= Beginning of Section =

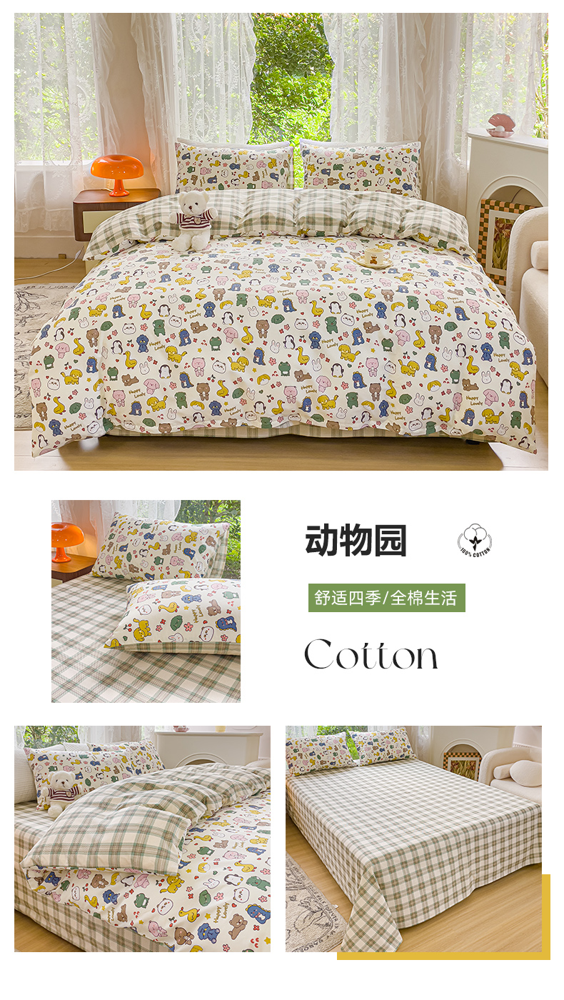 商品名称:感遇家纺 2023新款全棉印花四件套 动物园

= End of Section =
= Beginning of Section =

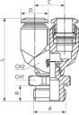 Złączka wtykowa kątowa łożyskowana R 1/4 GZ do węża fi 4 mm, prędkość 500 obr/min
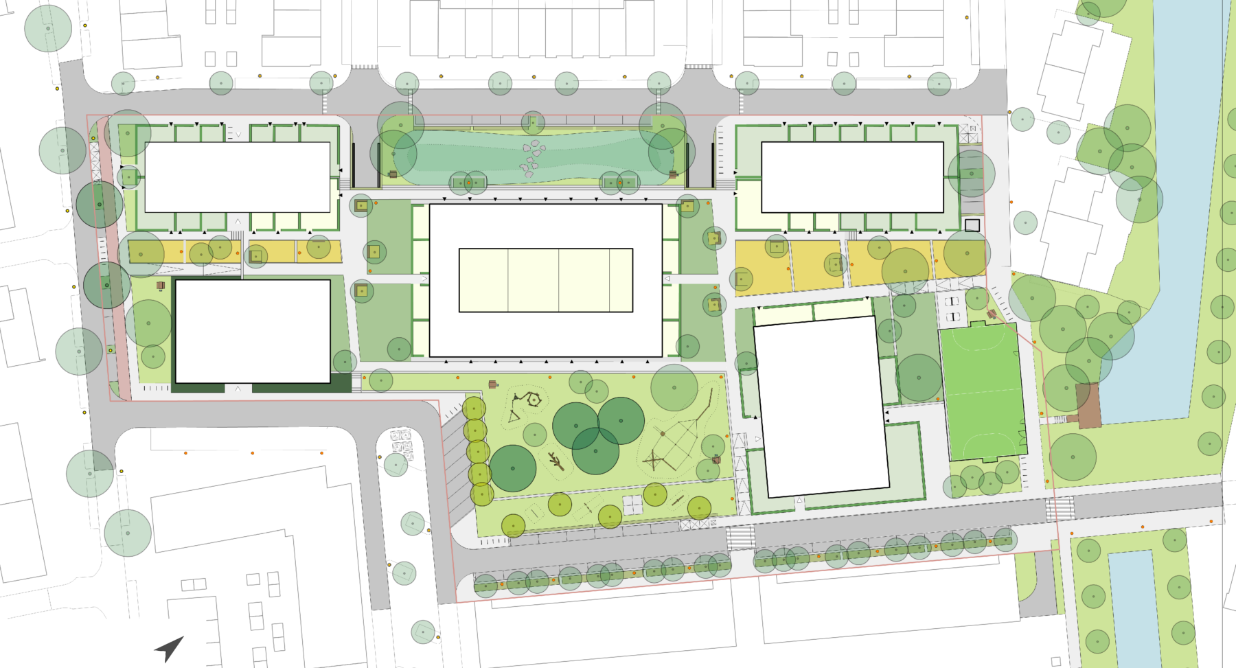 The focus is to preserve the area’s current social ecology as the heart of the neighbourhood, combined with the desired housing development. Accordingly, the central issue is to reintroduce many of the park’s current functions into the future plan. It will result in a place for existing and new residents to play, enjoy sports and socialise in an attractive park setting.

= End of Section =
= Beginning of Section =

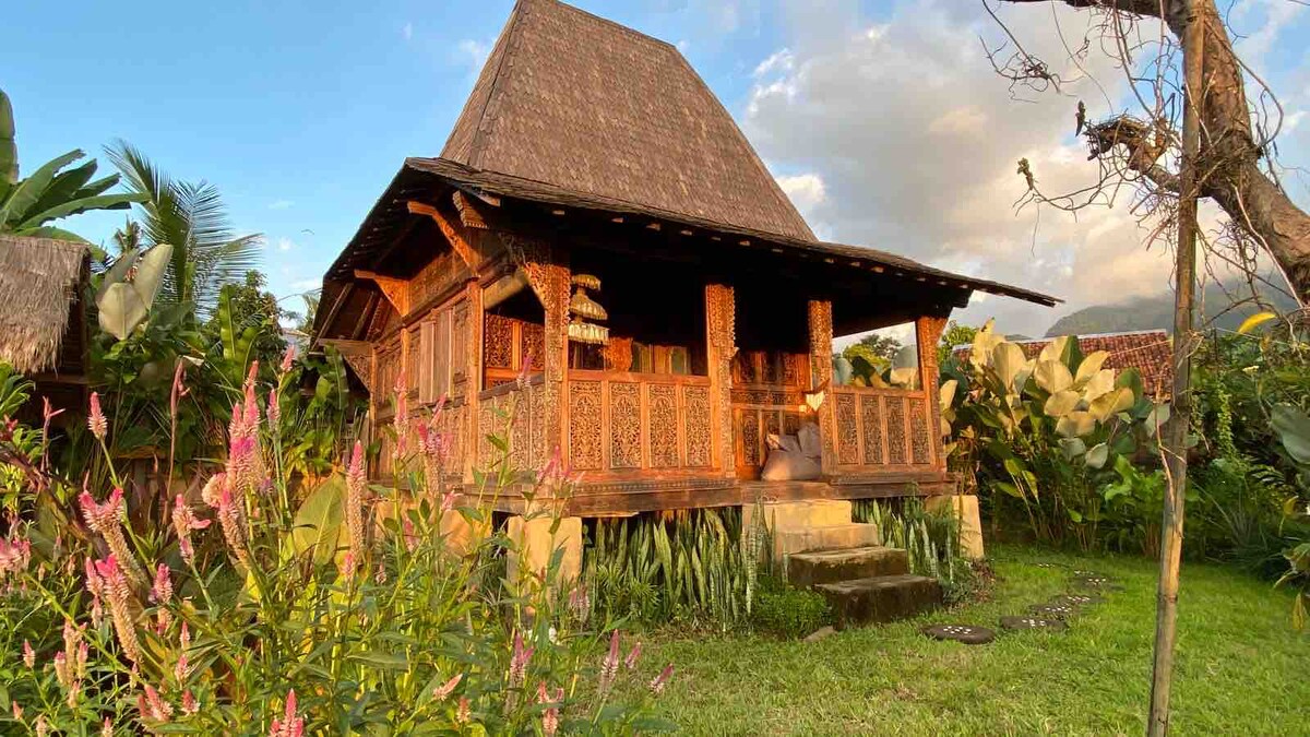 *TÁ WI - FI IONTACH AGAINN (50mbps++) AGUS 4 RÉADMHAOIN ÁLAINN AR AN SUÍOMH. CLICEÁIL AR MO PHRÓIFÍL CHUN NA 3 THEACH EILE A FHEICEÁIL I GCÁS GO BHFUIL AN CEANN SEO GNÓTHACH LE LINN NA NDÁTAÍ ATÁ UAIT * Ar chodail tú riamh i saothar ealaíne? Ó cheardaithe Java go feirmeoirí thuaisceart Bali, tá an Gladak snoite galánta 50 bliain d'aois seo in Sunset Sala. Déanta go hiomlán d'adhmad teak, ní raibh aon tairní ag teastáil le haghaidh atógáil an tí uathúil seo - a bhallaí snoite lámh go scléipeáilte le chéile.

= End of Section =

**TASK BRIEF**
Exact copy, pictures excluded: every line above from the one containing "Złączka wtykowa kątowa" to the one containing "The focus is", inclusive, and nothing more.

**ANSWER SPACE**
 Złączka wtykowa kątowa łożyskowana R 1/4 GZ do węża fi 4 mm, prędkość 500 obr/min
 The focus is to preserve the area’s current social ecology as the heart of the neighbourhood, combined with the desired housing development. Accordingly, the central issue is to reintroduce many of the park’s current functions into the future plan. It will result in a place for existing and new residents to play, enjoy sports and socialise in an attractive park setting.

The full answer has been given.